Lucille Stages should have JavaDocs that describe their purpose and the parameters acceptable in their Config. On this site, you’ll find more in-depth documentation for some more advanced / complex Lucille Stages.

To configure a stage, you have to provide its class (under class) in its config. You can also specify a name for the Stage as well, in addition to conditions and conditionPolicy (described below).

You’ll also provide the parameters needed by the Stage as well. For example, the AddRandomBoolean Stage accepts two optional parameters - field_name and percent_true. So, an AddRandomBoolean Config would look something like this:

{
  name: "AddRandomBoolean-First"
  class: "com.kmwllc.lucille.stage.AddRandomBoolean"
  field_name: "rand_bool_1"
  percent_true: 65
}

Conditions

For any Stage, you can specify “conditions” in its Config, controlling when the Stage will process a Document.
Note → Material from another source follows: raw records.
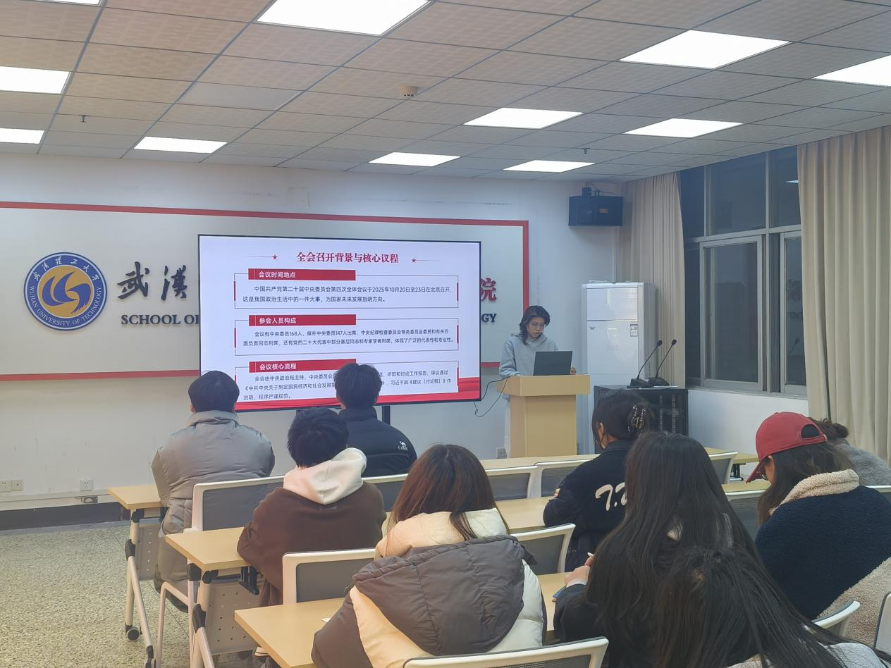 最后,陈玟珊同志为全体党员作学习党的二十届四中全会精神专题分享。她从全会召开的时代背景与核心议程切入,讲解了全会的全局意义与战略价值,通过梳理“十四五”时期我国在经济发展、民生改善等领域取得的辉煌成就,以及“十五五”时期教育发展的指导思想与目标框架,重点聚焦全会对教育发展作出的顶层设计和战略擘画,让党员们深刻感受国家发展的强劲脉动。分享尾声,陈玟珊同志呼吁支部全体党员,要立足专业优势,主动对标全会要求,充分发挥党员先锋模范作用,在思政理论传播、立德树人实践中贡献青春力量。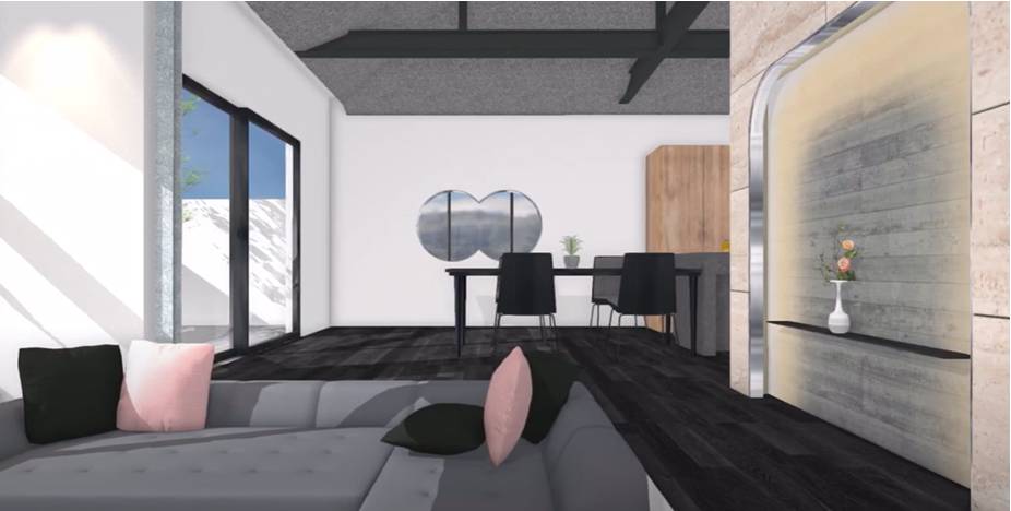 このような完成イメージになります。飾りで窓を残したままデザイン開口でシンボル的にして、リビングはピットリビングに変更。そして寄棟の特徴を生かして二階が無い平屋部分は屋根なりに吹き抜けにしてみました。壁はトラバーチン(大理石)と間接照明+コンクリート壁、アクセントにステンレスを取り入れてインテリア性を持たせてみました。ここまで変われば想像もしなかった変化にリノベできて完成が楽しみになります。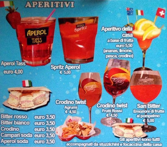 Benvenuto nel cuore della nostra realtà, cuore che coniuga il piacere della scoperta con quella del gusto Da questo momento potrai scegliere le combinazioni perfette per il tuo aperitivo ideale da gustare dove ti è più comodo a casa, in ufficio o da amici in totale relax. C’è l’imbarazzo della scelta anche tra i cocktail da aperitivo Spritz Aperol o Campari, Negroni, Negroni Sbagliato, Americano, Spritz Hugo, o Martini Molti si possono preparare in casa, seguendo i consigli di cinque bartender oppure attingendo alle ricette più casalinghe dei lettori de Il Giornale del Cibo. If you prefer drinks without alcohol, every Italian bar will have their own option to offer (Aperetivo analcolico della casa) Normally it would be a variety of sodas or mixes of fruit juices At home, you can even prepare a simple lemonade by blending lemons with water and sweetener of your choice.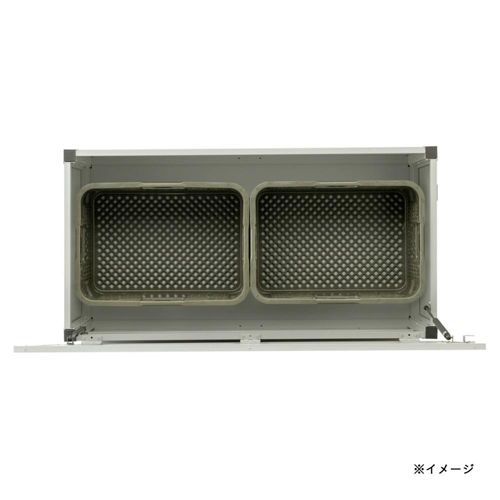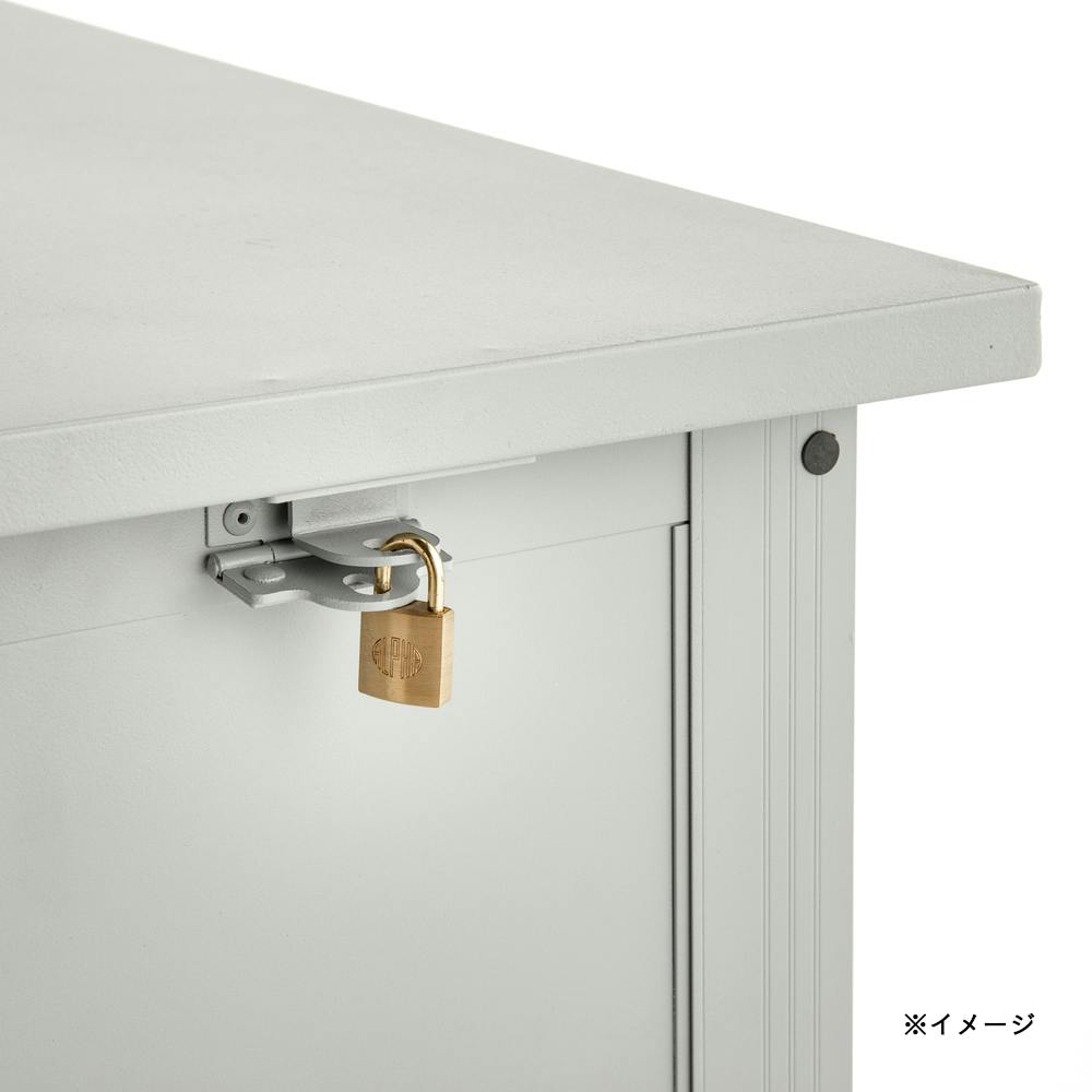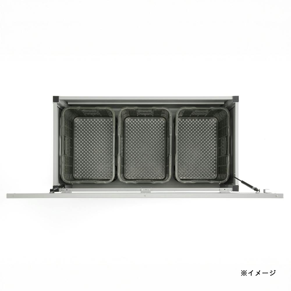 アシストダンパー付きでフタの開閉が静か。 南京錠の取付けもできる。※南京錠は別売です。コンテナボックスがそのまま入るので、楽に整理できる。
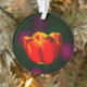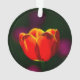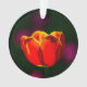 Rote Tulpe-Blume vor dunkelgrünem Hintergrund und rosa, verschwommene Flecken anderer Tulpe-Blume. Boul des Feuers, Kugel des Live-Sonnenlichts. Das Symbol des neuen Lebens. Shine, beleuchten, bestrahlen und inspirier!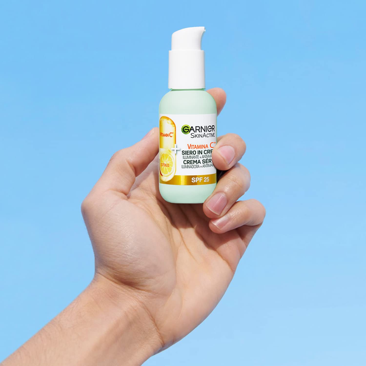Vitamin C serum and moisturizer SPF25 in one product, prevents and reduces skin spots and brightens the complexion, Suitable for all skin types, non-greasy - radiant and even looking skin, skin spots and fatigue ( Clinical cosmetic test on 47 women after 56 days), Skin embodies healthier and more radiant in just 3 days - One dose of daily on the cleansed face, massage gently to promote absorption to promote - Powerful formula enriched with vitamin C, light and quickly absorbed texture, practical dispenser applicator for optimal dosage - Contents: 1x Garnier serum made from vitamin C cream SkinActive, 2-in-1 vitamin C serum and moisturizer SPF25, anti-spots and brightener, 50 ml Instructions for use Apply daily to the cleansed face. Non-greasy. VEILIGHEIDSWAARSCHUWING For external use only. Avoid contact with eyes. Keep away from naked flame or direct heat sources.Vitamin C serum and moisturizer SPF25 in one product, prevents and reduces skin spots and brightens the complexion, suitable for all skin types, non-greasy.Garnier SkinActive, 2-in-1-Serum aus Vitamin C Creme und Feuchtigkeitscreme SPF25, Anti-Flecken und Aufhellung, nicht fettend, geeignet für alle Hauttypen, 50 ml Beschreibung Produktbeschreibung Vitamin C-Serum und Feuchtigkeitscreme SPF25 in einem Produkt, beugt Hautflecken vor und reduziert Hautflecken und hellt den Teint auf, Geeignet für alle Hauttypen, nicht fettend - strahlend und gleichmäßig aussehende Haut, Hautflecken und Müdigkeit ( Klinischer Kosmetik-Test an 47 Frauen nach 56 Tagen), Hautverkörpert gesünder und strahlender in nur 3 Tagen - Eine Dosis von Täglich auf dem gereinigten Gesicht, sanft einmassieren, um die Absorption zu fördern - Leistungsstarke Formel angereichert mit Vitamin C, leichte und schnell einziehende Textur, praktischer Spenderapplikator für eine optimale Dosierung - Inhalt: 1x Garnier Serum aus Vitamin C Creme SkinActive, 2-in-1 Vitamin C Serum und Feuchtigkeitscreme SPF25, Anti-Flecken und Aufheller, 50 ml Gebrauchsanweisung Täglich auf das gereinigte Gesicht auftragen. Nicht fettend. VEILIGHEIDSWAARSCHUWING For external use only. Avoid contact with eyes. Keep away from naked flame or direct heat sources.Vitamin C Serum und Feuchtigkeitscreme SPF25 in einem Produkt, verhindert und reduziert Hautflecken und hellt den Teint auf, Geeignet für alle Hauttypen, Nicht fettend.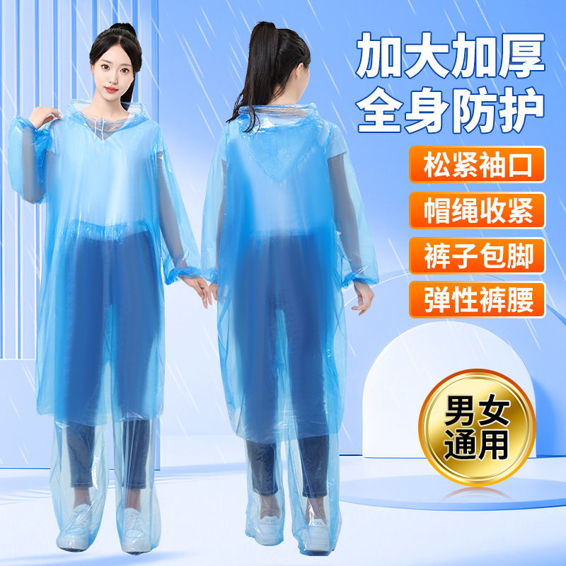 使い捨てレインコート真空圧縮カード包装屋外携帯全身防水成人厚さ平均レインコート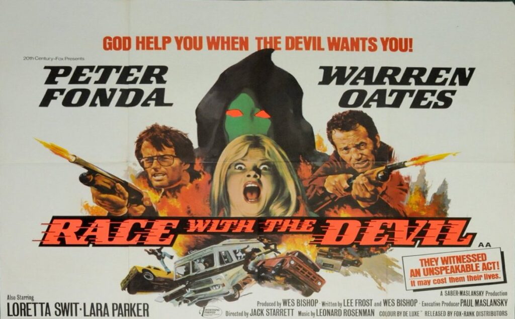 One of the better post-Exorcist Satanic chillers of the mid-70s is definitely 1975’s RACE WITH THE DEVIL. Sort of a hybrid car chase thriller and occult horror, the film focuses on friends and business partners, Frank (Warren Oates) and Roger (Peter Fonda), who own a successful motorcycle dealership in Texas. Going on a skiing vacation with their wives, Alice (Loretta Swit) and Kelly (Lara Parker – Angelique on Dark Shadows), Frank and Roger decide to drive an RV up to Aspen, Colorado, and on the way stop in the country for some motorbike racing fun.

Each condition has a required parameter, fields, and two optional parameters, operator and values.

  • fields is a list of field names that will determine whether the Stage applies to a Document.

  • values is a list of values that the conditional fields will be searched for. (If not specified, only the existence of fields is checked.)

  • operator is either "must" or "must_not" (defaults to "must").

In the root of the Stage’s Config, you can also specify a conditionPolicy - either "any" or "all", specifying whether any or all of your conditions must be met for the Stage to process a Document. (Defaults to "any".)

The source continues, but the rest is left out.